Let’s begin with this: Las Vegas doesn’t begin to measure up to New York or Chicago or other older, wealthier cities in a contest of high culture.

It does make efforts to narrow the culture gap.

Here is what we know:

• Consultants came to Henderson this year to study the possibility of building a museum. The city is moving forward with a plan.

• The Smith Center for the Performing Arts is to break ground in January.

• The Las Vegas Art Museum brings in innovative contemporary exhibits even as it waits to build downtown.

• Metro Arts formed this year to streamline arts funding and marketing.

• The Nevada School of the Performing Arts has moved into the Fifth Street School and began classes last week.

• Las Vegas has these established gems: the Marjorie Barrick Natural History Museum, the long-running Charles Vanda Masters Series, the Lied Discovery Museum, the Black Mountain Institute, the Vegas Valley Book Festival and the libraries/cultural centers created by visionary Charles Hunsberger, who was library director in the 1980s. It also has the Las Vegas Philharmonic.

All of this is fairly new, of course. When New York’s Metropolitan Museum of Art was founded in 1870, Las Vegas wasn’t a city.

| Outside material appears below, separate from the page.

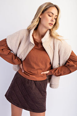 Elevate your fall wardrobe with the Oversized Moto Sherpa Vest in Ivory. Crafted from plush micro sherpa fabric, this vest offers exceptional warmth and a cozy feel. Its relaxed fit and funnel neck create a sophisticated silhouette, while the snap button front closure and pockets add functionality. Perfect as a layering piece, it effortlessly combines comfort with style for cooler days.
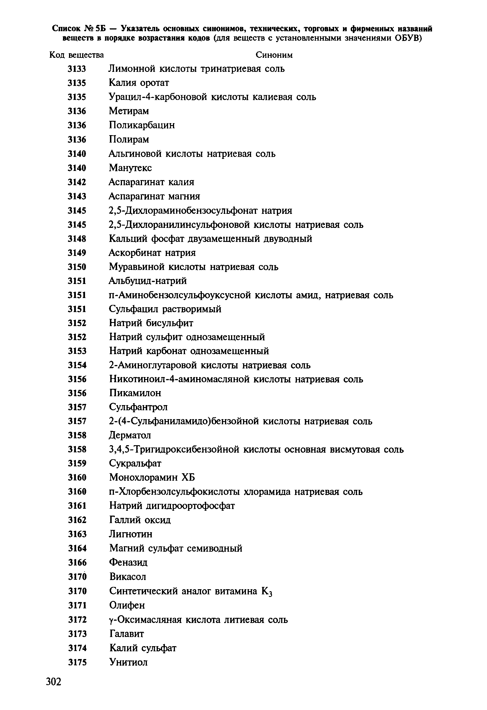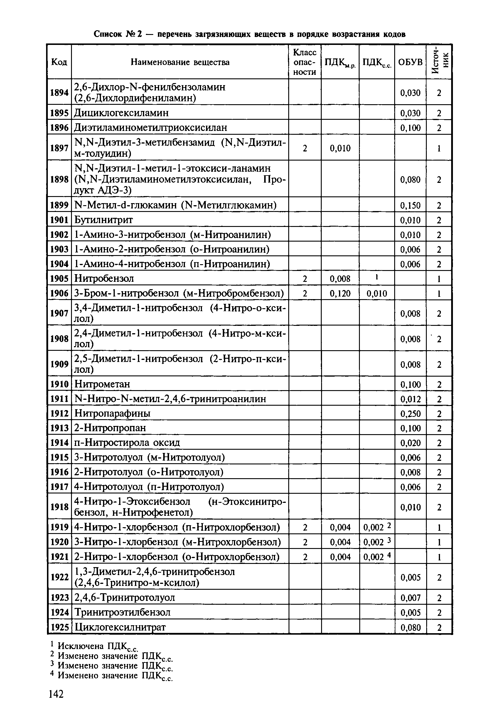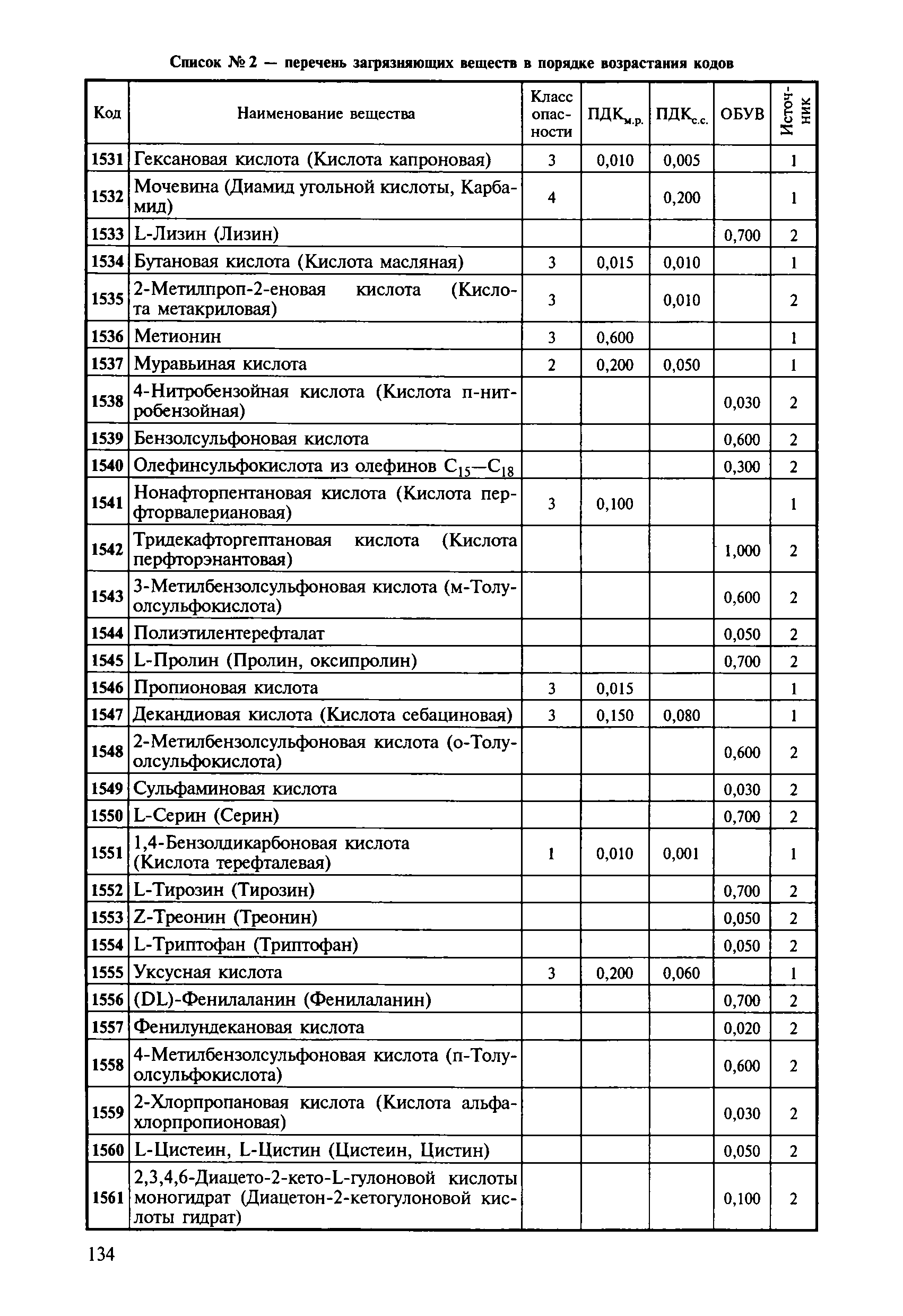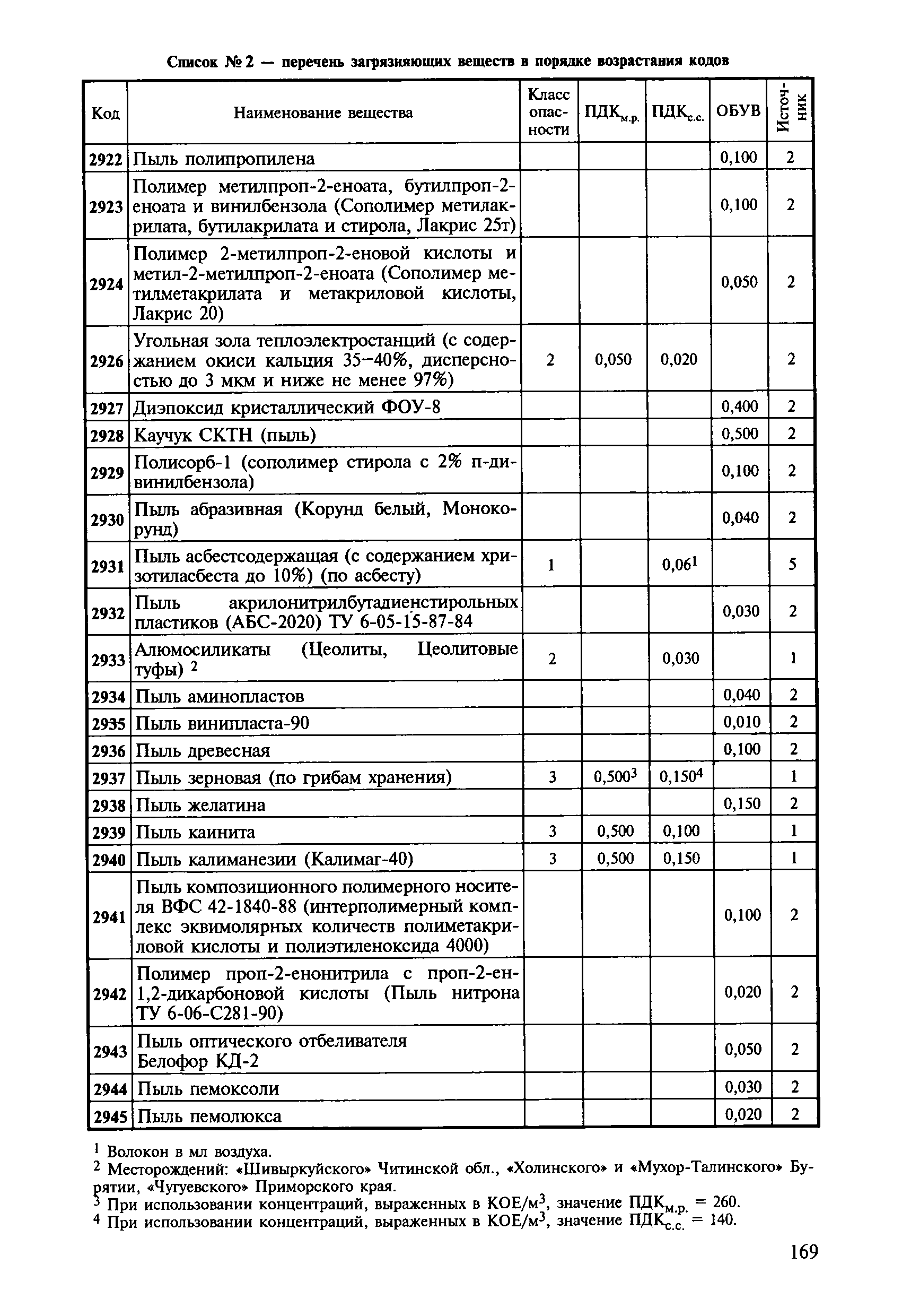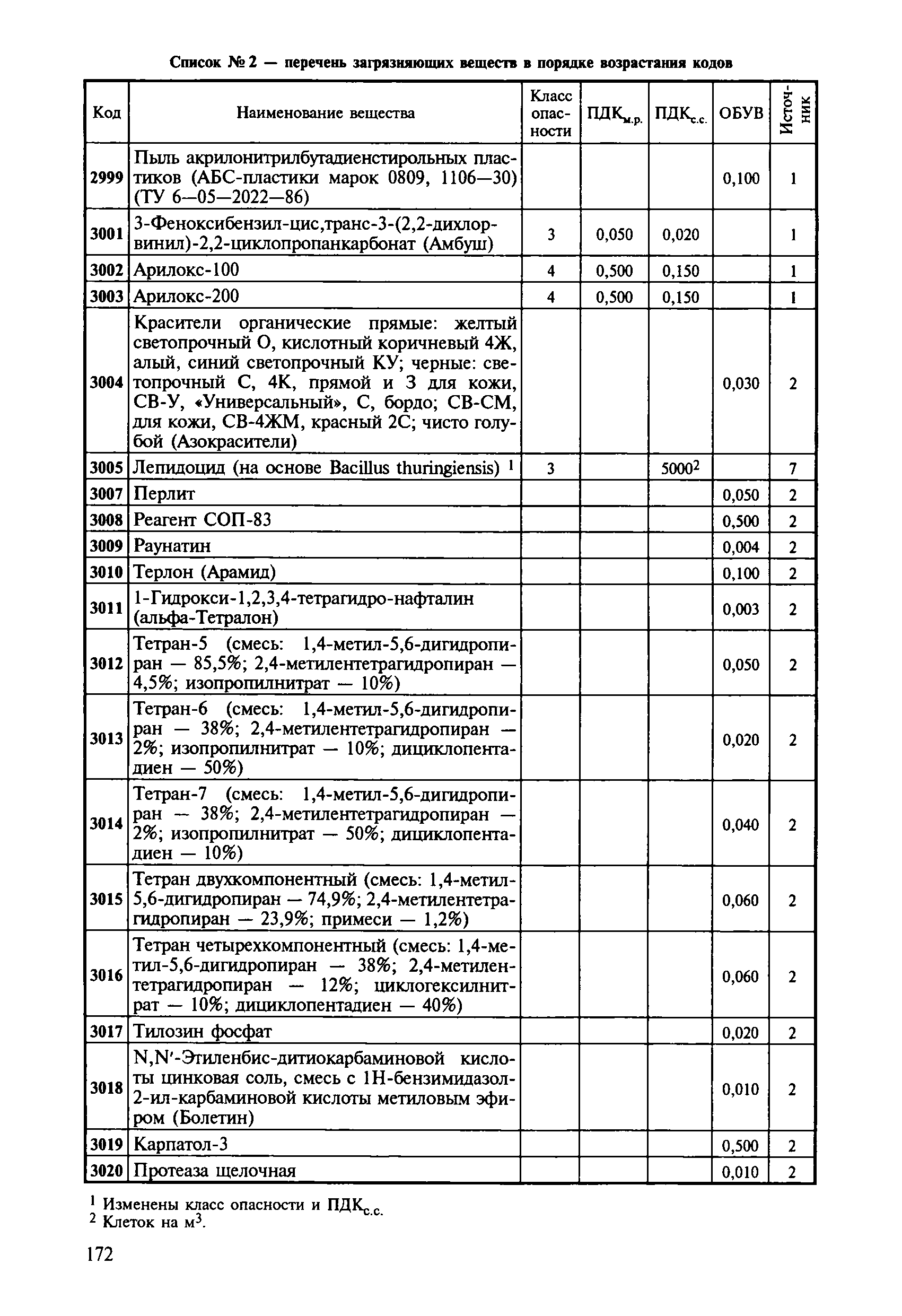 | Оглавление: | Список № 1 Перечень загрязняющих веществ в алфавитном порядке Список № 2 Перечень загрязняющих веществ в порядке возрастания кодов Список № 3 Перечень ЛОС в порядке возрастания кодов Список № 4 Указатель основных синонимов, технических, торговых и фирменных названий веществ в алфавитном порядке А. Для веществ с установленными значениями ПДК Б. Для веществ с установленными значениями ОБУВ Список № 5 Указатель основных синонимов, технических, торговых и фирменных названий веществ в порядке возрастания кодов А. Для веществ с установленными значениями ПДК Б. Для веществ с установленными значениями ОБУВ |

The New York Philharmonic was founded even earlier, in 1842. The Art Institute of Chicago has roots going back to 1879.

When esteemed museums in those cities were fattening their collections in the past century, Las Vegas was scratching out a reason to exist, eventually entertaining America with the Rat Pack, neon and dinner deals.

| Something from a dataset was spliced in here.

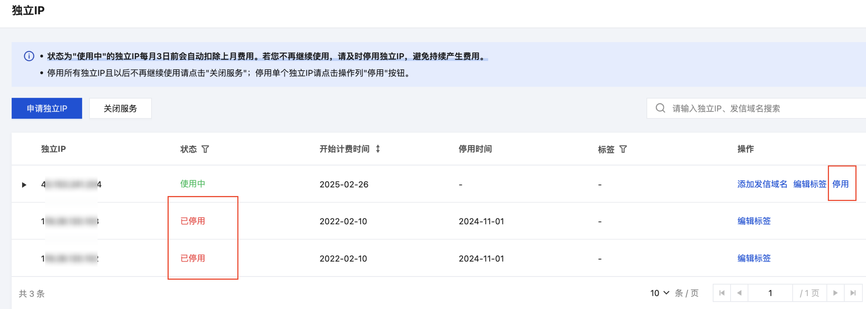 停用操作成功进行后,状态会转为“已停用”,将会停止继续计费。
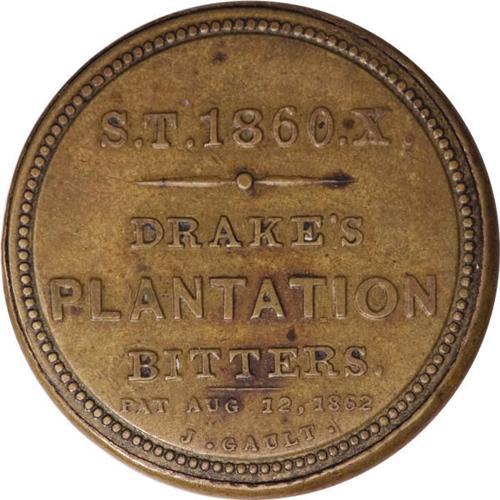 <B>HB-100 EP-13 Scott-70 Reed-DR01 1¢ Drake's Plantation Bitters Extremely Fine.<BR>Numerical grade: 70case.50stamp.80mica. = 200</B></I> A fascinating piece which we sold to Mr. Mayer as Lot 241 from CAA's September 1999 Cincinnati sale. Our description there read, "This is a nice piece in its own right, but what makes it special is the fact that the stamp in this encasement has been postally used. A light red cancel is visible across the face of the stamp, and although its place location can't be certain, the word "CITY" can be discerned. This is the only encasement we know of that was clearly made with a canceled stamp, and it is legitimate beyond question, as there are absolutely no indications of tampering with the case." There are other encasements known, with at least traces of cancels but this is the only clearly canceled stamp we know of in a decidedly untampered case. Speculation can be endless as to whose pocket the extra money fell into when used, rather than new, stamps were employed in encasements. This cataloger's opinion is that it was likely on the Scovill manufacturing part of the process where this self-serving act was committed.<BR><I>From The Frederick Mayer Collection</B></I><BR><BR><b>Shipping:</b> Coins & Currency (<a target="_blank" href="http://www.heritageauctions.com/common/shipping.php">view shipping information</a>)

The people of New York and Chicago and Boston knew something two centuries ago. It takes a community to have an arts community. They supported fledgling arts.

Many Las Vegans are doing the same today, with mixed results. “Las Vegas Diaspora: The Emergence of Contemporary Art from the Neon Homeland,” a Dave Hickey-curated show at the Las Vegas Art Museum, drew international interest but only 4,000 visitors during the three-month exhibit. And that was one of the more popular shows.

Everybody, it seems, wants the Neon Museum to open. Not everybody is willing to help fund last-minute operations to rescue the signs, which overcomes the process of meeting the museum’s long-term goals.

Gallery owners in the Arts District want residents to come downtown, but don’t keep their galleries open daily because there isn’t enough foot traffic.

Downtown boutiques and home stores that closed their doors were of no lesser quality than those in other cities. Las Vegas Paper Doll was a testament to that. Lynn Peri Collection had a wide range of sophisticated, unique and arty collectibles, wall hangings and furniture, but not enough customers.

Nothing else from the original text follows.